↓↓↓

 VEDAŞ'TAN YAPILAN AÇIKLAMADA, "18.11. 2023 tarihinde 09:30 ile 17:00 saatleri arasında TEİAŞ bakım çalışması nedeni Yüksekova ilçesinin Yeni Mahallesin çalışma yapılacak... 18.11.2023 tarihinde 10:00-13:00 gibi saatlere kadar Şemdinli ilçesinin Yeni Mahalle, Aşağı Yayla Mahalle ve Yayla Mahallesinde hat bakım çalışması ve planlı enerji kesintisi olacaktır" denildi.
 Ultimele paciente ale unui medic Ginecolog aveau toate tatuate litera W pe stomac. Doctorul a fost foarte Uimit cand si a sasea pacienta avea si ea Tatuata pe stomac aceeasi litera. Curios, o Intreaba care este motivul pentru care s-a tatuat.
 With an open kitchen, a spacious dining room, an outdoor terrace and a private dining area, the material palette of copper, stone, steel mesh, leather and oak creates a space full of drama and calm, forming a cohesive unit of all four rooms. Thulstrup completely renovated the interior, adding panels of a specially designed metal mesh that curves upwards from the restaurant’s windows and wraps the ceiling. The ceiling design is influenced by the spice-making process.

↑↑↑

**Exercise aim**
Nothing but the exact lines from the start of the material through the line holding "Ultimele paciente ale", both included, belongs in the answer.

**Output of the task**
 VEDAŞ'TAN YAPILAN AÇIKLAMADA, "18.11. 2023 tarihinde 09:30 ile 17:00 saatleri arasında TEİAŞ bakım çalışması nedeni Yüksekova ilçesinin Yeni Mahallesin çalışma yapılacak... 18.11.2023 tarihinde 10:00-13:00 gibi saatlere kadar Şemdinli ilçesinin Yeni Mahalle, Aşağı Yayla Mahalle ve Yayla Mahallesinde hat bakım çalışması ve planlı enerji kesintisi olacaktır" denildi.
 Ultimele paciente ale unui medic Ginecolog aveau toate tatuate litera W pe stomac. Doctorul a fost foarte Uimit cand si a sasea pacienta avea si ea Tatuata pe stomac aceeasi litera. Curios, o Intreaba care este motivul pentru care s-a tatuat.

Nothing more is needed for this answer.